Experimental investigation of the impact of mechanical deformation on aging, safety and electrical behavior of lithium-ion battery cells

Particularly in mobile applications, 18650 lithium-ion batteries can be exposed to mechanical abuse. Deforming mechanical abuse can severely damage the battery case, but sometimes without causing instantaneous cell failure. If such cases remain undetected, the cells may remain in use and pose a potential long-term safety hazard. Due to research gaps in the scientific literature regarding the long-term implications of such damage, the influence of cell design, intrusion depth, as well as the impact on the electrical behavior, two cyclic aging studies and further electrical tests (CC–CV capacity, DVA) were conducted with mechanically deformed 18650 cells; using CT, post-mortem, and SEM for further analysis.

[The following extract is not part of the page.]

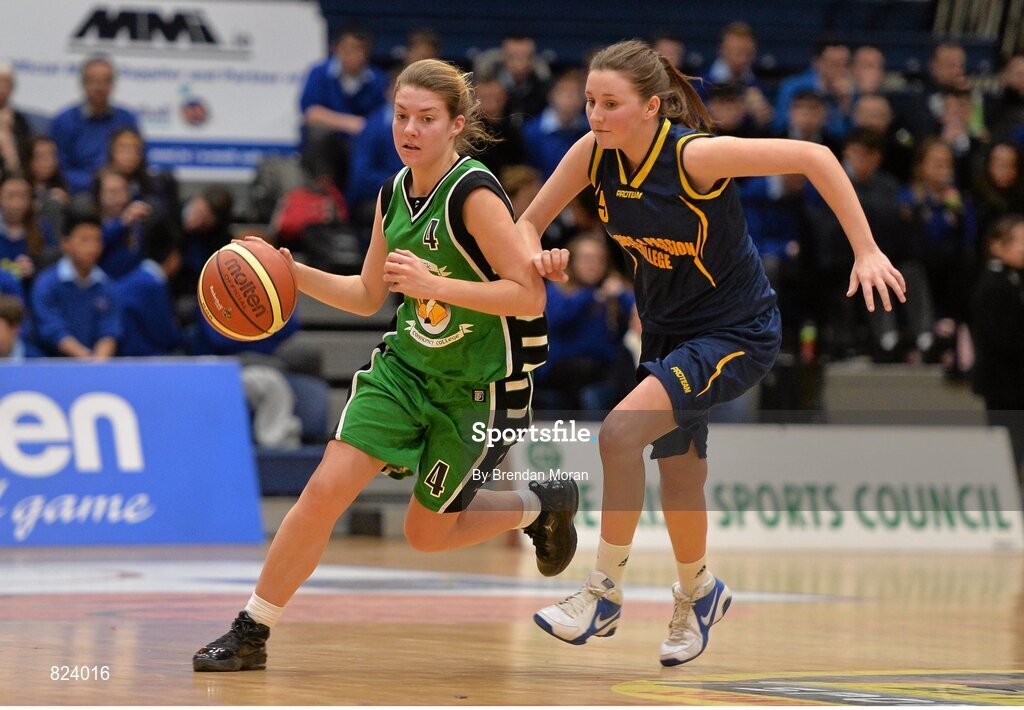 21 January 2014; Laura Carolan, Castleknock Community College, in action against Katie Willis, Cross & Passion Kilcullen. All-Ireland Schools Cup U19B Girls Final, Cross & Passion, Kilcullen, Co. Kildare v Castleknock Community College, Dublin, National Basketball Arena, Tallaght, Co. Dublin. Picture credit: Brendan Moran / SPORTSFILE
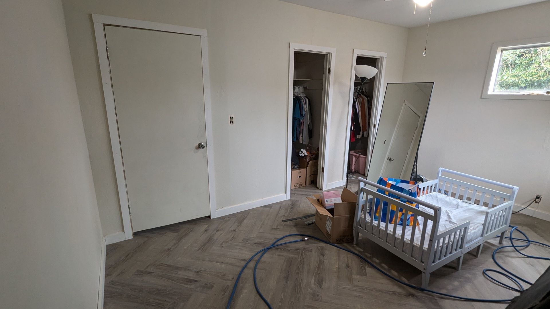 After installing new underlayment, we installed a beautiful LVP in a herringbone pattern, connecting both bedrooms and the hallway in-between.

In the cyclic aging studies, both cell types tested (with a mandrel and mandrel-free) remained electrically functional and showed no safety–critical behavior, despite intrusions of up to 6 mm. Cells with significant intrusion exhibited increased CC–CV charge capacity for one charging process, and CC-discharge capacity decreases of 3.2 % after mechanical deformation, but no or only slightly accelerated aging rates after the initial capacity drop.

DVA indicated a global capacity loss of useable material rather than specific anode or cathode damage. CT analysis revealed case re-deformation after cyclic aging, likely due to jelly roll swelling. Post-mortem analysis showed imprints on all electrode components and active material debonding. SEM analysis revealed changes in cell internal pressure distribution due to external deformation.